[Async-sig] killing tasks that won't cancel

Yury Selivanov yselivanov at gmail.com
Tue Feb 19 15:27:15 EST 2019


FYI Chris has started a parallel discussion on the same topic here: https://bugs.python.org/issue32363.  Chris, let's keep this discussion in one place (now it's this list, I guess). It's hard to handle the same discussion in two different places.  Please don't split discussions like this.

I'll summarize what I said in the above referenced bpo here:

1. Task.set_result() and Task.set_exception() have never ever worked properly.  They never actually communicated the set result/exception to the underlying coroutine.  The fact that they were exposed at all was a simple oversight.

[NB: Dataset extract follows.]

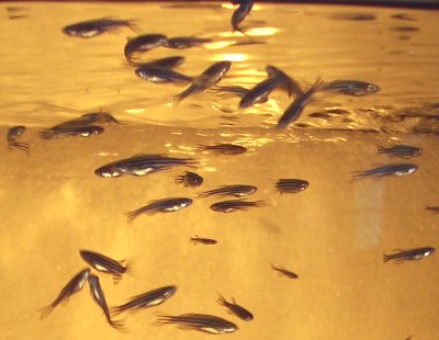 Dopo circa un mese dalla nascita si cominciano a notare i disegni ed i colori dei pesci (i Rerio sembra abbiano una sola riga scura), la lunghezza è di circa 1 cm; provvedo quindi a trasferire i più cresciuti in un acquario più grande (21 litri) e man mano che crescono sposto anche gli altri; qui possono essere nutriti con mangime in polvere per avannotti od anche in piccole scaglie (possibilmente ad elevato contenuto di proteine).

I can guess how Task.set_exception() can be implemented in theory: the exception would be thrown into the wrapped coroutine.  But I don't quite understand how Task.set_result() can be implemented at all.

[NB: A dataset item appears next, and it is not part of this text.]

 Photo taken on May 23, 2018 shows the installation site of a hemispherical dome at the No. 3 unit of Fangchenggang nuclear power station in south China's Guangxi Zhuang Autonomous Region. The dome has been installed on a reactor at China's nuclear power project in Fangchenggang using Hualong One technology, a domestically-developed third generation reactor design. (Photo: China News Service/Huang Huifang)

2. Task and coroutine maintain a simple relationship: Task wraps its coroutine.  The result of the coroutine is the result of the Task (not the other way around).  The Task can request its coroutine to cancel.  The coroutine may ignore that request by ignoring the asyncio.CancelledError exception.

If the latter happens, the Task cannot terminate the coroutine, this is by design.  Moreover, you can always write

   while True:
      try:
         await asyncio.sleep(1)
      except:
         pass

and then nothing can terminate your coroutine.  IOW, if your code chooses to ignore CancelledError the Task can do nothing about it.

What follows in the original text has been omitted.